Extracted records
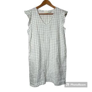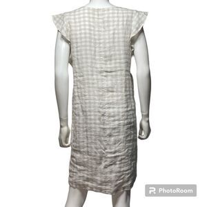 Cynthia Rowley Linen Beige White Gingham Plaid Pull Over Dress Womens Size S
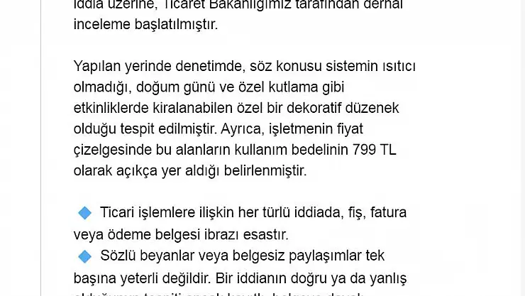 Ticaret Bakanlığı'nın sosyal medya hesabından Iğdır'da bir mekandaki masalarda ısıtma sisteminin bulunduğu ve bunun açılması için 2 bin TL talep edildiği iddialarına açıklama paylaşıldı. Bakanlık tarafından yapılan açıklama, "İddia üzerine, Ticaret Bakanlığımız tarafından derhal inceleme başlatılmıştır. Yapılan yerinde denetimde, söz konusu sistemin ısıtıcı olmadığı, doğum günü ve özel kutlama gibi etkinliklerde kiralanabilen özel bir dekoratif düzenek olduğu tespit edilmiştir. Ayrıca, işletmenin fiyat çizelgesinde bu alanların kullanım bedelinin 799 TL olarak açıkça yer aldığı belirlenmiştir" ifadelerine yer verildi.
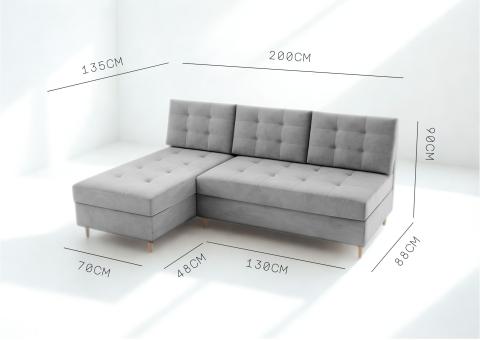 Narożnik Pero to mebel z serii, która oprócz funkcji spania oraz wyposażenia w dwa pojemniki na pościel zachwyca swoim designem. Pero to seria mebli inspirowana stylem skandynawskim z nutą elegancki. Oprócz ozdobnych poduszek opariowych, które stanowią wolny element mebel posiada pikowane siedzisko, które nadaje wyjątkowego stylu. Narożnik Pero sprawdzi się świetnie w pomieszczeniach o mniejszej powierzchni, jako narożnik do małego salonu z funkcją spania.
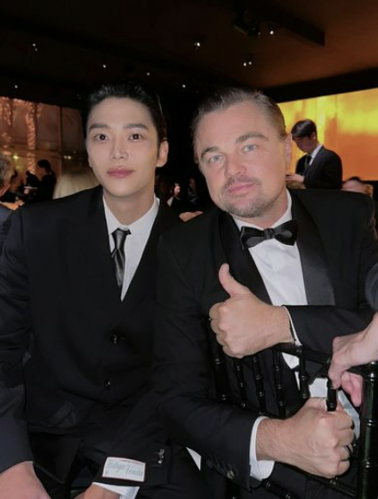 공개된 사진 속 로운은 할리우드 톱배우 레오나르도 디카프리오와 어깨를 나란히 카메라를 바라보고 있다. 블랙 수트 차림의 두 사람은 단정한 올백머리로 댄디한 분위기를 연출했다. 로운은 넥타이로, 디카프리오는 나비넥타이로 포인트를 줬다. 특히 디카프리오는 엄지 척을 하고 있어 눈길을 끌었다.
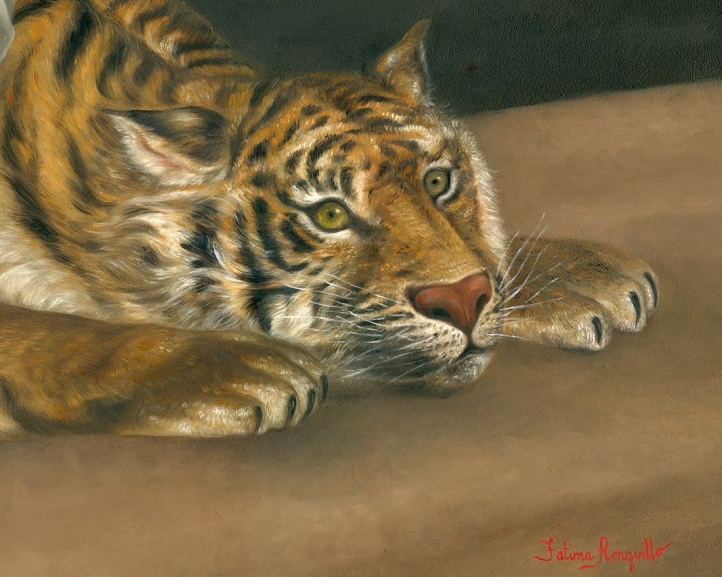 As 2022 draws to a close, I am so happy to present “Winged Victory Riding a Tiger”. I have been working on this piece on and off for most of the year, this being the Year of the Tiger after all. The idea began nearly three years ago, when I became fascinated by Eugéne Delacroix’ lithograph “Royal Tiger”. I was researching beautiful examples of printmaking as I was then embarking on my very first lithograph. Delacroix is a painter that I have long admired. His colors are ravishing and the dramatic compositions are operatic. What I really love are his sketches and watercolors, especially those from his travels in North Africa, and of course the tigers. It’s charming to read that he studied big cats at the Paris zoo prior to creating this lithograph. I too observed the tigers at the San Diego Zoo Safari Park as a preliminary for this painting, the one I particularly liked was named Diana. The figure of Victory perching on the tiger’s back is a nod to ancient Greek mosaics depicting Dionysus sometimes accompanied by the figure of winged Victory (Nike) on a chariot drawn by tigers. It is also a reference to an older painting of mine, “Baby Dionysus Riding a Cheetah”. The body of work I created for 2022 concentrates on the theme of “Borderlands” – that liminal space between light and dark, beauty and danger. “Winged Victory Riding a Tiger” was curiously central to that whole narrative and inspired all the other paintings created this year.

__PROBLEM STATEMENT__. Reproduce each line above exactly, but not a single picture.

__RESPONSE__.
 Cynthia Rowley Linen Beige White Gingham Plaid Pull Over Dress Womens Size S
 Ticaret Bakanlığı'nın sosyal medya hesabından Iğdır'da bir mekandaki masalarda ısıtma sisteminin bulunduğu ve bunun açılması için 2 bin TL talep edildiği iddialarına açıklama paylaşıldı. Bakanlık tarafından yapılan açıklama, "İddia üzerine, Ticaret Bakanlığımız tarafından derhal inceleme başlatılmıştır. Yapılan yerinde denetimde, söz konusu sistemin ısıtıcı olmadığı, doğum günü ve özel kutlama gibi etkinliklerde kiralanabilen özel bir dekoratif düzenek olduğu tespit edilmiştir. Ayrıca, işletmenin fiyat çizelgesinde bu alanların kullanım bedelinin 799 TL olarak açıkça yer aldığı belirlenmiştir" ifadelerine yer verildi.
 Narożnik Pero to mebel z serii, która oprócz funkcji spania oraz wyposażenia w dwa pojemniki na pościel zachwyca swoim designem. Pero to seria mebli inspirowana stylem skandynawskim z nutą elegancki. Oprócz ozdobnych poduszek opariowych, które stanowią wolny element mebel posiada pikowane siedzisko, które nadaje wyjątkowego stylu. Narożnik Pero sprawdzi się świetnie w pomieszczeniach o mniejszej powierzchni, jako narożnik do małego salonu z funkcją spania.
 공개된 사진 속 로운은 할리우드 톱배우 레오나르도 디카프리오와 어깨를 나란히 카메라를 바라보고 있다. 블랙 수트 차림의 두 사람은 단정한 올백머리로 댄디한 분위기를 연출했다. 로운은 넥타이로, 디카프리오는 나비넥타이로 포인트를 줬다. 특히 디카프리오는 엄지 척을 하고 있어 눈길을 끌었다.
 As 2022 draws to a close, I am so happy to present “Winged Victory Riding a Tiger”. I have been working on this piece on and off for most of the year, this being the Year of the Tiger after all. The idea began nearly three years ago, when I became fascinated by Eugéne Delacroix’ lithograph “Royal Tiger”. I was researching beautiful examples of printmaking as I was then embarking on my very first lithograph. Delacroix is a painter that I have long admired. His colors are ravishing and the dramatic compositions are operatic. What I really love are his sketches and watercolors, especially those from his travels in North Africa, and of course the tigers. It’s charming to read that he studied big cats at the Paris zoo prior to creating this lithograph. I too observed the tigers at the San Diego Zoo Safari Park as a preliminary for this painting, the one I particularly liked was named Diana. The figure of Victory perching on the tiger’s back is a nod to ancient Greek mosaics depicting Dionysus sometimes accompanied by the figure of winged Victory (Nike) on a chariot drawn by tigers. It is also a reference to an older painting of mine, “Baby Dionysus Riding a Cheetah”. The body of work I created for 2022 concentrates on the theme of “Borderlands” – that liminal space between light and dark, beauty and danger. “Winged Victory Riding a Tiger” was curiously central to that whole narrative and inspired all the other paintings created this year.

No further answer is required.